EXERCISE:
Pictures excluded, return the lines below from the first through the line holding "Norm Thompson Womens".

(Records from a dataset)
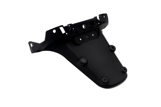 Sleek black bicycle fender isolated against pure white backdrop showcases modern design
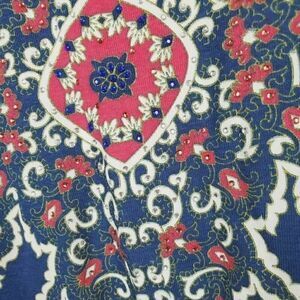 Norm Thompson Womens Blouse Blue Southwestern Scoop Embellished 100% Cotton S
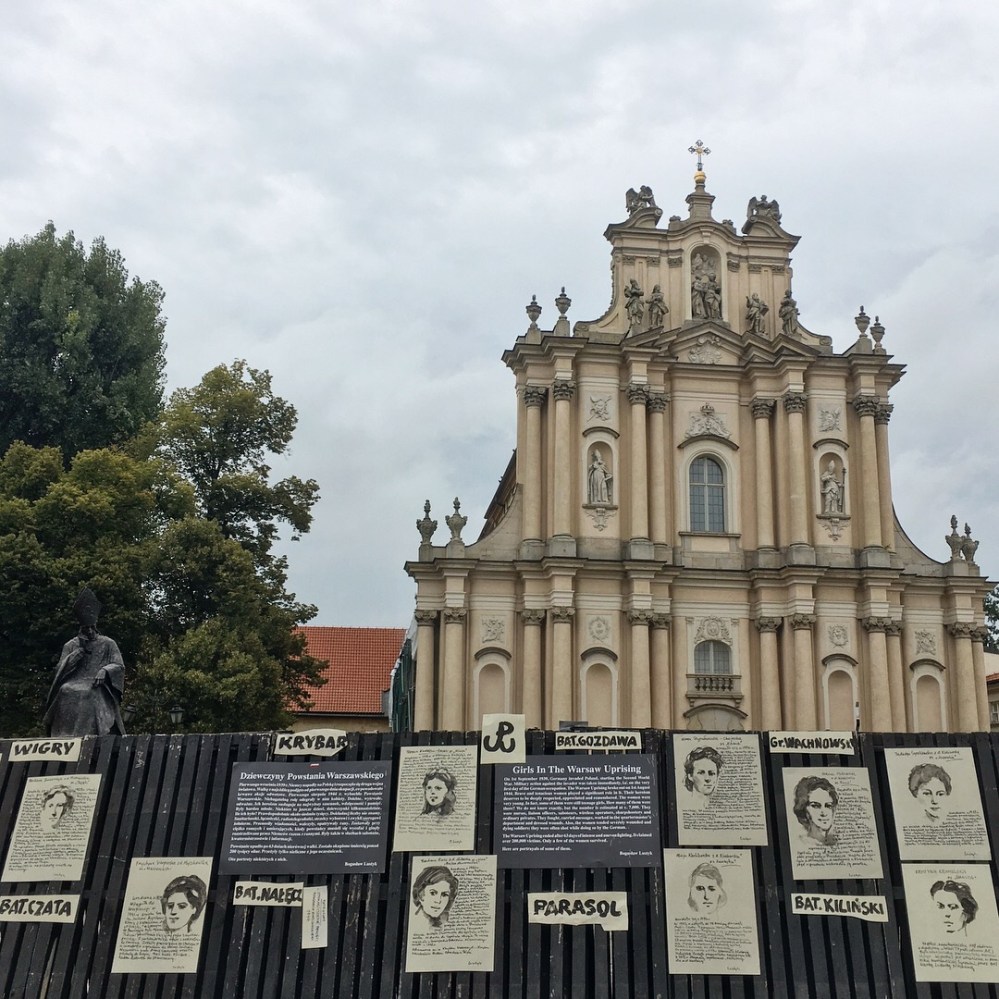 Es folgen nordwärts das Hauptgebäude der Universität, der Pałac Prezydencki (Präsidentenpalast) und zahlreiche andere Paläste und Kirchen. Vor der barocken Kościół Wizytek (Visitantinnen-Kirche) fand ich ein Mahnmal für die im Jahre 1944 am Powstanie warszawskie (Warschauer Aufstand) beteiligten Frauen und wenige Meter weiter eine Ausstellung mit Fotoportraits von damaligen Freiwilligen in der Galeria Kordegarda.
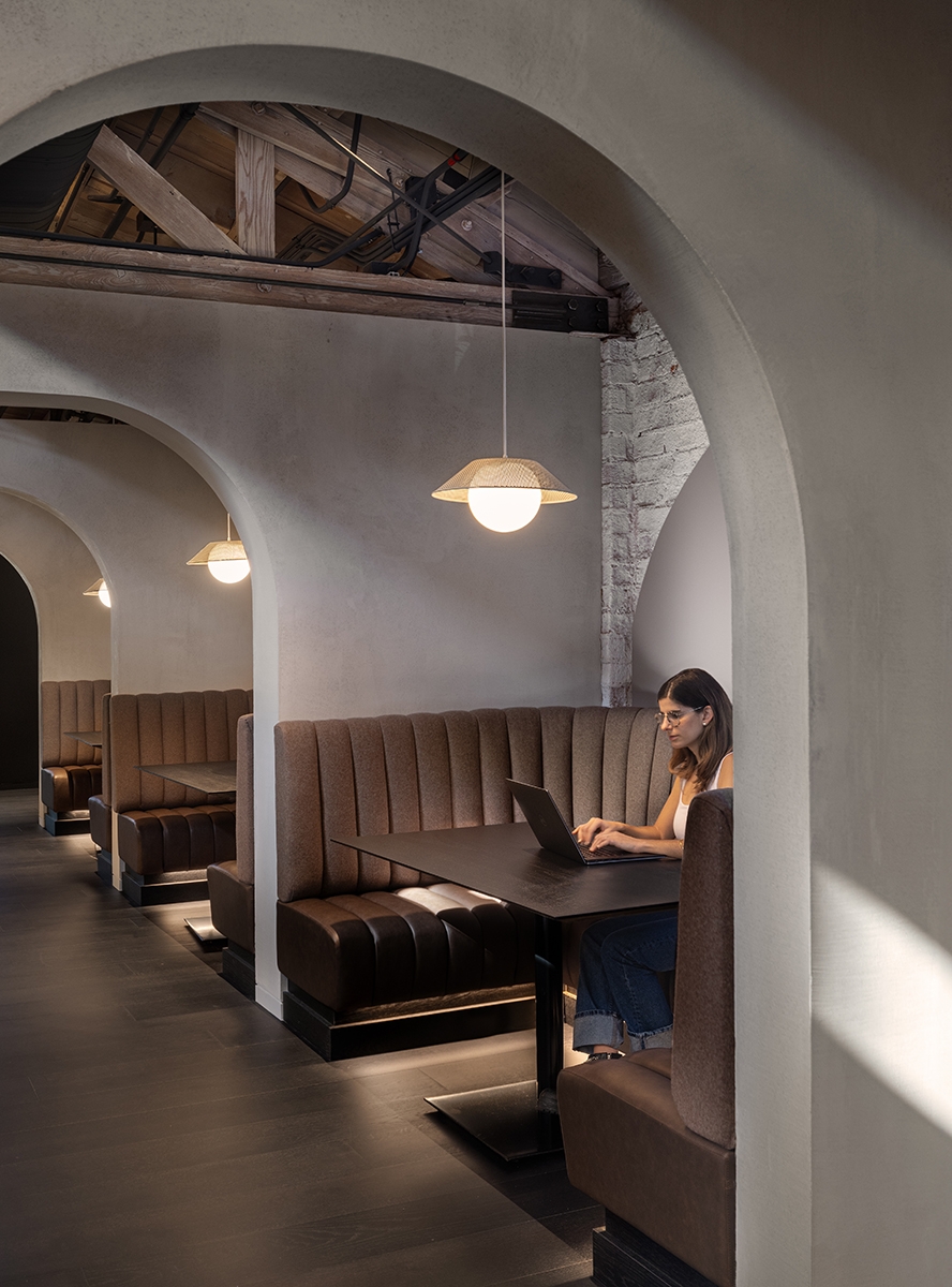 Visitors are greeted by a custom fixture in the reception area, where the elevation of the suspended pendant heads mimic the client’s logo shape, showcasing the brand in an impressionistic way.
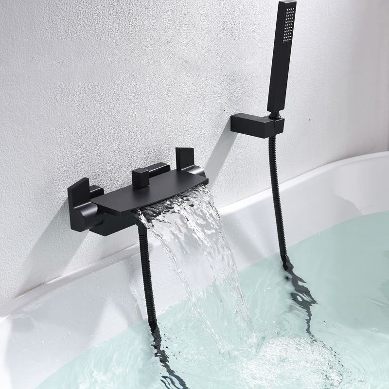 Modern Tub Faucet Trim Copper Lever Handles Wall Mounted Waterfall Bathroom Faucet
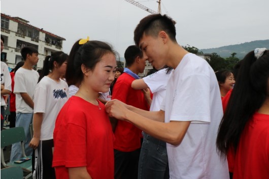 企业代表、师长代表为学子佩戴成人徽章
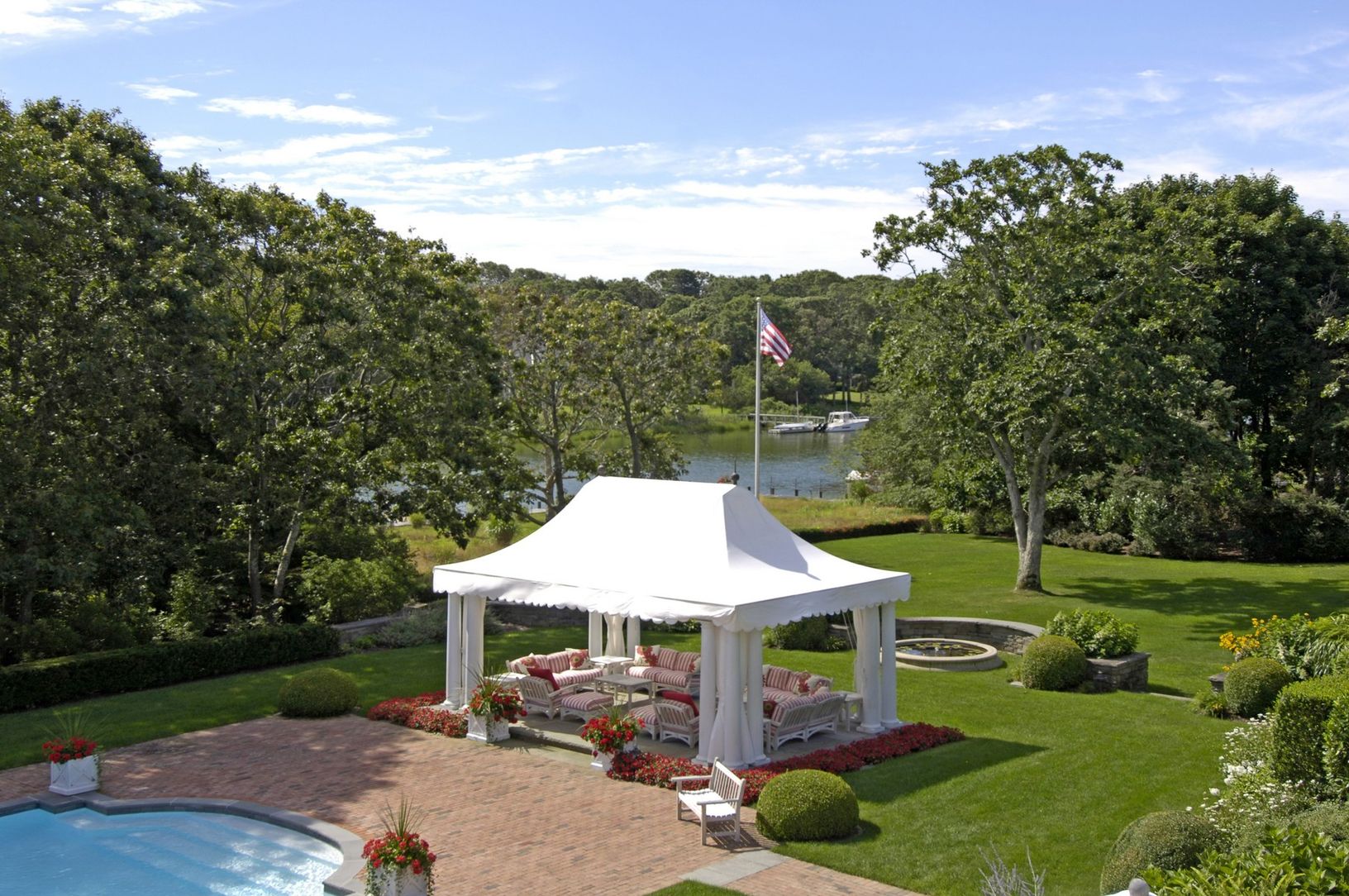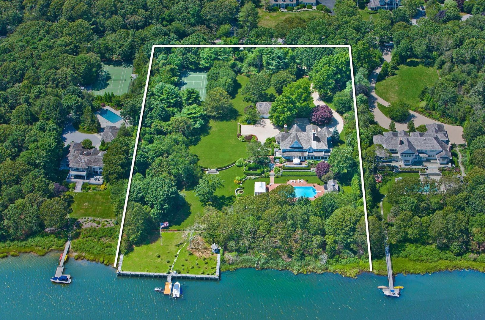 The waterside complex includes the immacculate 5 bedroom home, oversized heated gunite pool with Roman edge, all weather tennis court, pool house with kitchen a
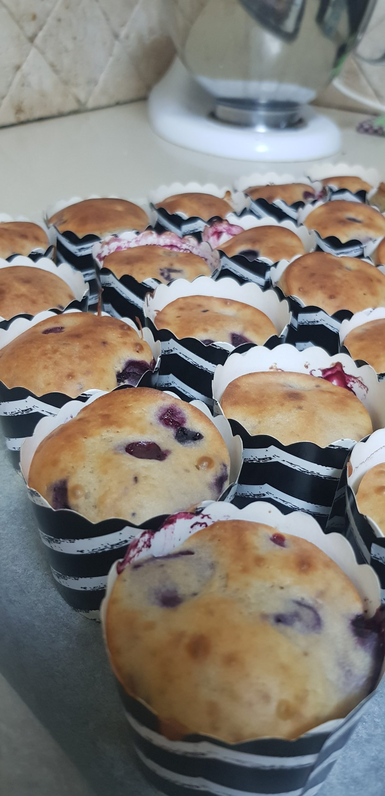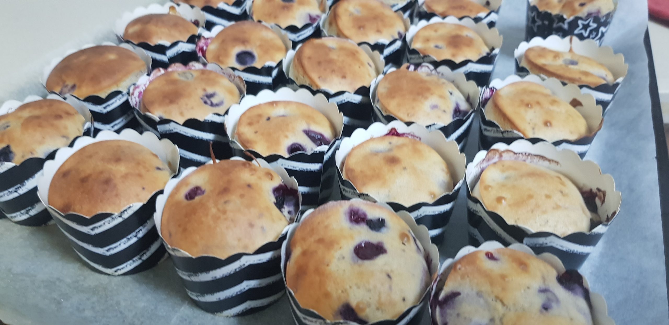Ajouter quelques myrtilles sur le dessus de chaque muffin et enfourner 30min à 180°!
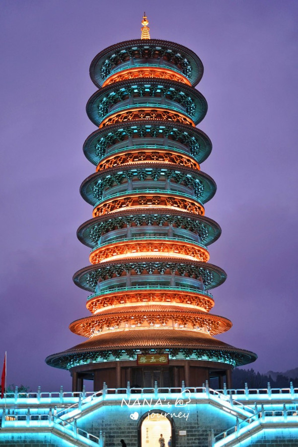 抱玉塔也缤纷了起来,冷暖交织的灯光色彩,让塔有着稳重而淡雅的气息。塔的内部也能参观,是一色的纯净之白,仿佛是另外一个世界~

ANSWER AREA:
 Sleek black bicycle fender isolated against pure white backdrop showcases modern design
 Norm Thompson Womens Blouse Blue Southwestern Scoop Embellished 100% Cotton S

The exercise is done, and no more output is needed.